The place is important in demonstrating the principal characteristics of a particular class of cultural places.

In its form, fabric, materials and layout, the Downs Club is important in demonstrating the principal characteristics of a purpose-built gentlemen's club of the late 19th and early 20th centuries. Highly intact, these principal characteristics include its: central location with dignified street appearance; privacy control measures (hedged garden setting and floor plan arrangement separating members and non-members); high quality design, construction, and furnishings; and provision of strangers' room, leisure and games rooms (reading, billiards), rooms for shared drinking and dining (bar and banquet rooms), facilities for members from "out of town" (washroom, stable/garage), and service facilities (steward's room).

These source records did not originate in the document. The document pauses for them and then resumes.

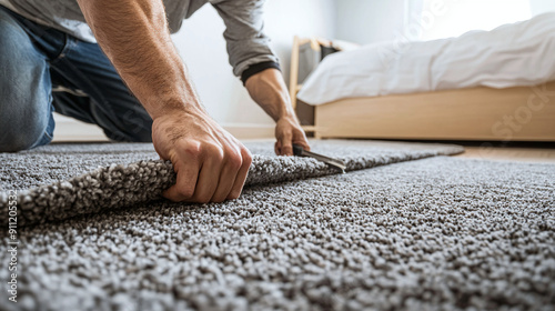 close-up of a professional installing new carpet in a cozy bedroom, home rug renovation
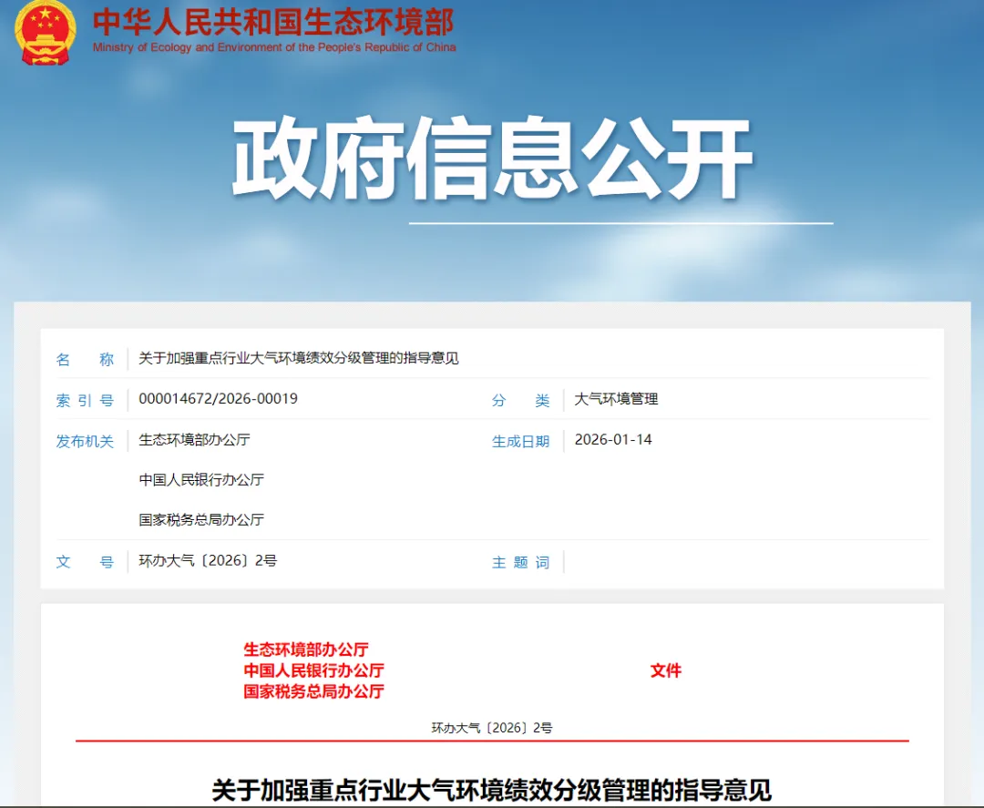 1月14日,生态环境部等发布《关于加强重点行业大气环境绩效分级管理的指导意见》(环办大气〔2026〕2号),全文如下:
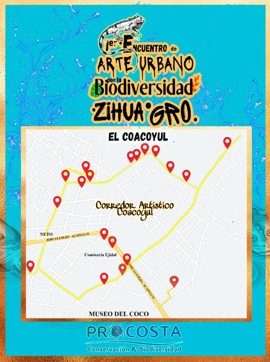 ZIHUATANEJO, GRO.- Artistas de distintas partes de la República, el estado y el municipio, se dieron cita este fin de semana en la comunidad del Coacoyul, en donde se realizó con éxito el Primer Encuentro Urbano por la Biodiversidad, organizado por la Asociación Civil Procosta México A.C.

Designed by James Marks and Son, the Downs Club is important in demonstrating the principal characteristics of the work of this important Toowoomba architecture firm, notable for its prolific and high quality body of work in Queensland. Many of the firm's principal characteristics are demonstrated at the Downs Club including its: skilful and creative architectural design; emphasis on natural daylight and abundant ventilation to the interior; complex interior spatial forms; and use of Harry Marks' patent windows and flues. Highly intact, the Downs Club is an excellent example of the firm's work.

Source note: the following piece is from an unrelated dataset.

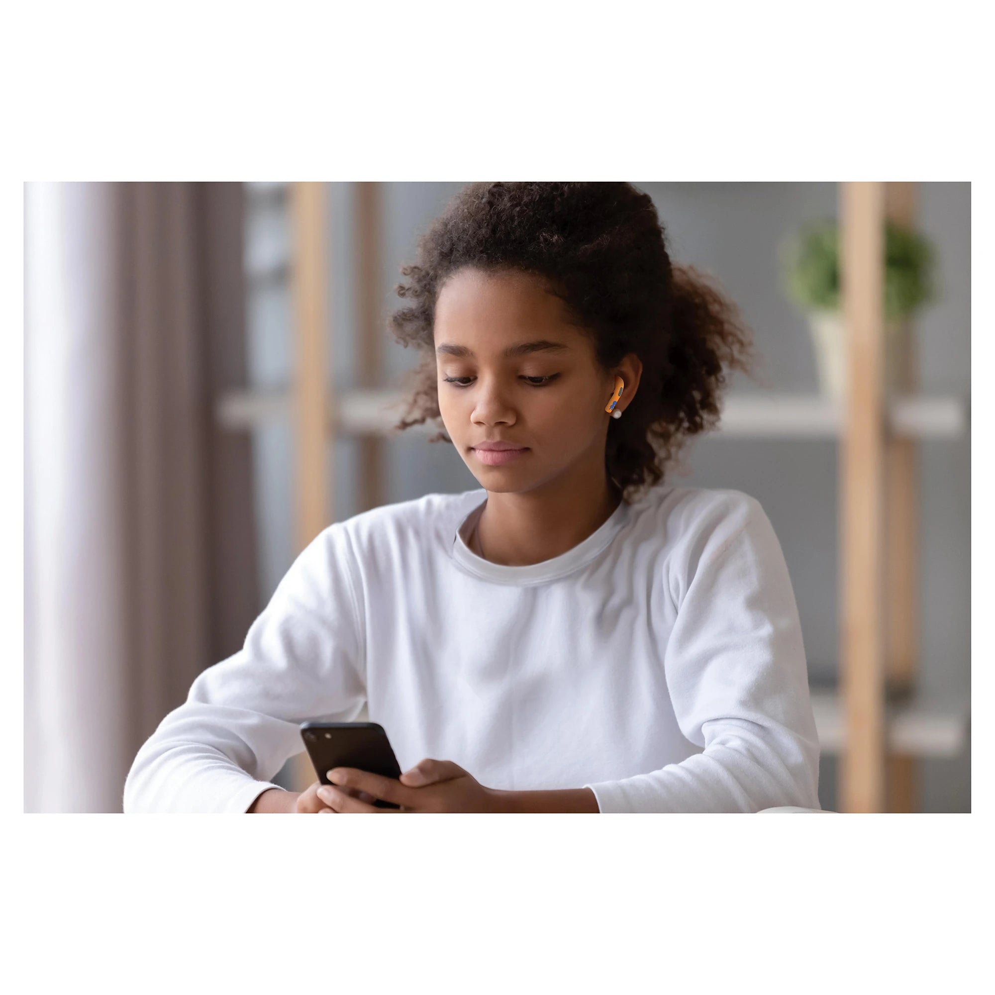 Tyhle dětské stereo pecky jsou chytrá kombinace stylu, praktičnosti a bezpečnosti. S omezenou hlasitostí na 85 dB drží decibely na uzdě a zajišťují ochranu dětských ušních bubínků – žádné škodlivě vysoké hladiny hluku. Tato lehká bezdrátová sluchátka si rozumí se všemi chytrými telefony, tablety i přehrávači s technologií Bluetooth. Dotykové ovládání a mikrofon na každém sluchátku zvládnou přijímat hovory a snadno řídit hudbu (přehrávání/pauza/další/předchozí). Kompaktní pouzdro, které se v pohodě vejde do kapsy, slouží nejen k uschování, ale hlavně k nabíjení. Sluchátka vydrží 3 až 4 hodiny nepřetržitého poslechu a nabídnou vysokou kvalitu zvuku.

The place is important because of its aesthetic significance.

The Downs Club is important for its aesthetic significance. Viewed from Margaret and Mylne streets, it has a dignified street presence, standing prominently in a hedged garden setting in central Toowoomba. It displays beautiful attributes through its: well-composed design in an expressive Federation-era style; complex asymmetrical roof form punctuated by gables, chimneys, and roof lanterns; striking internal spatial forms with vaulted ceilings and interconnected rooms; and cohesive use of high-quality materials, finishes, and decorative treatments.

The place is important in demonstrating a high degree of creative or technical achievement at a particular period.

The Downs Club is important in demonstrating a high degree of creative achievement in architecture. As an excellent and highly-intact example of James Marks and Son's work, a firm renowned for its design and technical expertise and innovation, the clubhouse demonstrates a skilful use of Federation-era style, with striking internal spatial forms, and the firm's own patented windows and flues.

The place has a strong or special association with a particular community or cultural group for social, cultural or spiritual reasons.

The place has a special association with past and present members of the Downs Club as the organisation's headquarters and the principal venue for its social and recreational activities continuously for more than 120 years.